Golang: simple optimization notes

Published in

Scum-Gazeta

6 min readMar 26, 2022

Today I want to bring to your attention an article on the simplest optimizations in Golang projects.

To begin with, I wanted to talk a little about the optimizations themselves. We will not discuss the theory, but we will start immediately with practical examples.

In the era of cloud computing, we often create serverless applications. And if we create them for our pet projects, then the infrastructure maintenance budget comes to the front. If our service is lightly loaded, then it really can be practically free. But if something goes wrong — you will pay a lot for it! And when it comes to money, you will definitely react to it somehow.

The second case is when you have, for example, your own VPS running several services. And one of them sometimes takes up all the resources, so much so that you cannot access the server via ssh.
We move to a Kubernetes cluster, set limits for all our applications and see that some of our applications are restarting — OOM-killer comes and solves the problem of our memory “leaks”.
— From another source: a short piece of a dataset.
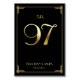 Great Gatsby Art Deco wedding table number cards with golden number 97 and changeable text, where you can add your names and wedding date, printed on black background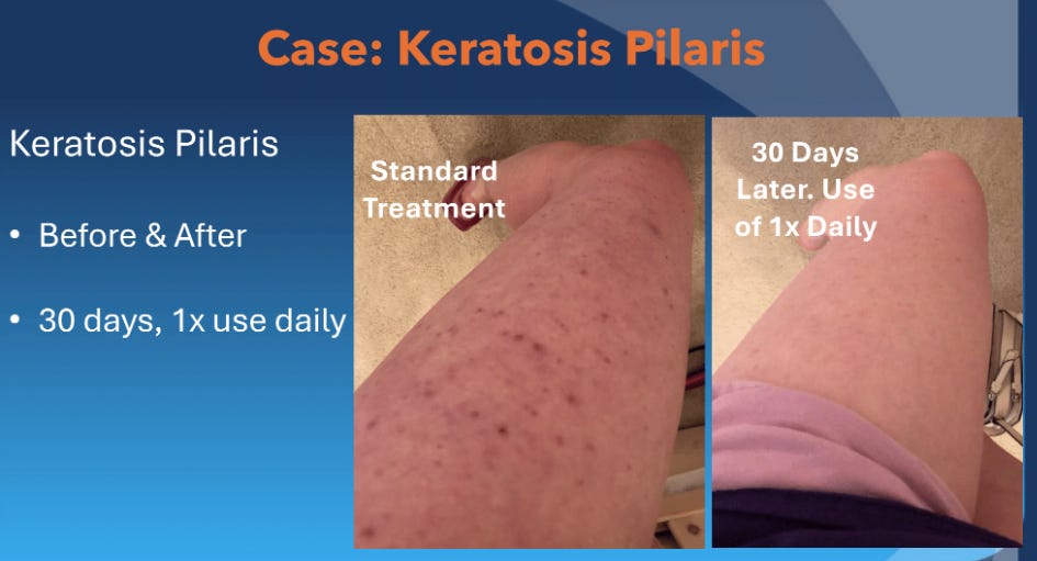 KP is a skin condition that results from a buildup of keratin, a hair protein, in the pores. This blocks hair follicles, forming small bumps over where hair should grow. Nothing works very well, given that existing therapies are either too irritating, too expensive, take too long or are too difficult to comply with as they smell or feel weird. In this case series, they reported:

Of course, this is not always a leak, it can also be a common overspending of resources, and we will try to avoid this today. And memory leaks are closer to bugs and you can talk about them.

Too much resource consumption hurts the wallet, which means it requires immediate action.

Now let’s talk about optimization. I hope you all understand why we do not prematurely optimize and against it?! This is likely to be useless work, since we will need to study the entire application first and your piece of code will most likely not be a bottleneck. We need a quick result, MVP, and only then we will think about his problems.

Second moment. that every optimization must be justified. That is, each optimization should be built on a benchmark. We must prove and show how much profit it brought us.

You also need to understand that most optimizations complicate the readability of the code. You will have to determine this balance for your projects yourself.

We have finished with the theory, now let’s look at practical advice grouped by standard entities.

Arrays and slices

Allocate memory for slices in advance

Try to always use the third parameter: make([]T, 0, len)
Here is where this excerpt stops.